* Work to complete
Only one stretch of the records below is wanted: the lines from the one holding "Selling a mattress" through the one holding "The pink gradient". Return it exactly, both ends included.

* Data for analysis
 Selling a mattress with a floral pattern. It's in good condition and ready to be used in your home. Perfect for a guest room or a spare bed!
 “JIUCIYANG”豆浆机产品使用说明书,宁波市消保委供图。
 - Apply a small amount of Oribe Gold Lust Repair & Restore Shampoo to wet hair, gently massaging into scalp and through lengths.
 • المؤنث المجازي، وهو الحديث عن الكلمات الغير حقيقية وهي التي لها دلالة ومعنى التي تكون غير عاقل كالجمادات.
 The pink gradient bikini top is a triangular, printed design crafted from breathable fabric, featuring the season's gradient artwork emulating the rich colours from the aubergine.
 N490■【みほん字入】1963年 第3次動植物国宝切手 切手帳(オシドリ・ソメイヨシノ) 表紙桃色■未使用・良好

==

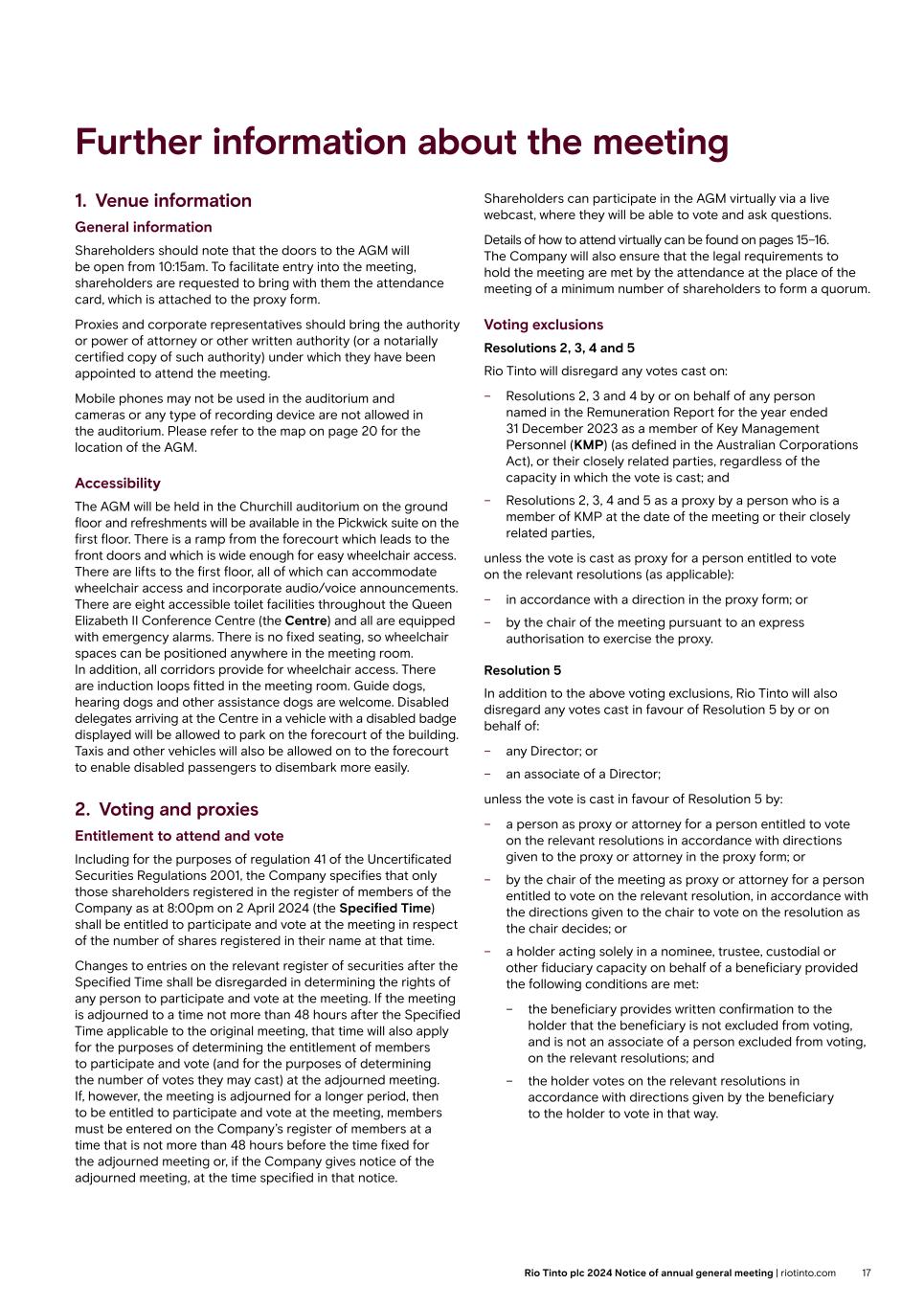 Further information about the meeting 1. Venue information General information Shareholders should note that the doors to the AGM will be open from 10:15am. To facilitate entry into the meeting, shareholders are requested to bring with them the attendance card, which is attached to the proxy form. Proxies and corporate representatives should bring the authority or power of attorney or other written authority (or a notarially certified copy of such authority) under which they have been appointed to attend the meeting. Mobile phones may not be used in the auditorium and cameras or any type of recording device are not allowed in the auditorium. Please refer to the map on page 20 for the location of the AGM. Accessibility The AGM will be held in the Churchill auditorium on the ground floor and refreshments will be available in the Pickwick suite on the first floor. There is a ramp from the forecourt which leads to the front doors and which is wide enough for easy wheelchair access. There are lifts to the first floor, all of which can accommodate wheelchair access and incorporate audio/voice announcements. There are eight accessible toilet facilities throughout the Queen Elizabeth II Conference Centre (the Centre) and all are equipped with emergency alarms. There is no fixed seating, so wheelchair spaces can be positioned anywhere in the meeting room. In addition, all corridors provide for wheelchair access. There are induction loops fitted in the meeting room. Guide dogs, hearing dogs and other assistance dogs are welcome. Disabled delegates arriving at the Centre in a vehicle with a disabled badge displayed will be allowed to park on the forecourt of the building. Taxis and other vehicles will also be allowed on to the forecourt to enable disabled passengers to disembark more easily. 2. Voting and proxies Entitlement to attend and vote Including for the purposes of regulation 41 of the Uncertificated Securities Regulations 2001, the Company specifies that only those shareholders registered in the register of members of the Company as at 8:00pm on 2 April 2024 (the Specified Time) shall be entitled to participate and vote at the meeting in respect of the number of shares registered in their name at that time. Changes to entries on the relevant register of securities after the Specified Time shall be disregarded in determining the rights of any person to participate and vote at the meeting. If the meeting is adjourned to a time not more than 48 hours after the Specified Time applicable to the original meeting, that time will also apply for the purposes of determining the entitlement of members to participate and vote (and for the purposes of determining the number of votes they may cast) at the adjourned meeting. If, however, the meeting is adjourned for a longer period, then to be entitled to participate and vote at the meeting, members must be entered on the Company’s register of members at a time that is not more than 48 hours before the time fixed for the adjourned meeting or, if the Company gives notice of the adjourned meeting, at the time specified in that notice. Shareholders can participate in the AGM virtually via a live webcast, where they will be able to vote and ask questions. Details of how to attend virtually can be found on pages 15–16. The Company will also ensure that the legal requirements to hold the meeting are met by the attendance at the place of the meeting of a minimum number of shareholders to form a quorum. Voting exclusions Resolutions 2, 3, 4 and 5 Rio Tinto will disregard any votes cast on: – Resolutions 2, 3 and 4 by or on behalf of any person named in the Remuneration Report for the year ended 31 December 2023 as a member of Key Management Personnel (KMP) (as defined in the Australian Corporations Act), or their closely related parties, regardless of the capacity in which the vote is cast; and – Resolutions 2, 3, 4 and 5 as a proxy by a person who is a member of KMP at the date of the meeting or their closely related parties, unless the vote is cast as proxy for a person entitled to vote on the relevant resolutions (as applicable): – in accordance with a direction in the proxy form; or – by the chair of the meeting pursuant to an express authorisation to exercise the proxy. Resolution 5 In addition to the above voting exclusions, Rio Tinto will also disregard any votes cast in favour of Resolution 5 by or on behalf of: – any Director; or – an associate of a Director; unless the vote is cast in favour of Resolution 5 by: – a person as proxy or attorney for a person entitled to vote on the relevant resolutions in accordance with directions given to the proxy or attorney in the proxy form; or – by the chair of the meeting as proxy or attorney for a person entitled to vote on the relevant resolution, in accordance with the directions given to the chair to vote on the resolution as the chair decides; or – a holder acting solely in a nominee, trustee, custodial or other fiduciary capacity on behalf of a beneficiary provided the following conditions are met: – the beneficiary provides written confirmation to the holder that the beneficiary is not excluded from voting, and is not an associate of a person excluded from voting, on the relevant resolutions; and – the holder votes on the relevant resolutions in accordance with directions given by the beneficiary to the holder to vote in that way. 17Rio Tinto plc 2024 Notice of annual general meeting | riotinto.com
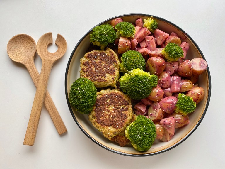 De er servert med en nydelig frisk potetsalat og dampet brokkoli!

* Your solution
 Selling a mattress with a floral pattern. It's in good condition and ready to be used in your home. Perfect for a guest room or a spare bed!
 “JIUCIYANG”豆浆机产品使用说明书,宁波市消保委供图。
 - Apply a small amount of Oribe Gold Lust Repair & Restore Shampoo to wet hair, gently massaging into scalp and through lengths.
 • المؤنث المجازي، وهو الحديث عن الكلمات الغير حقيقية وهي التي لها دلالة ومعنى التي تكون غير عاقل كالجمادات.
 The pink gradient bikini top is a triangular, printed design crafted from breathable fabric, featuring the season's gradient artwork emulating the rich colours from the aubergine.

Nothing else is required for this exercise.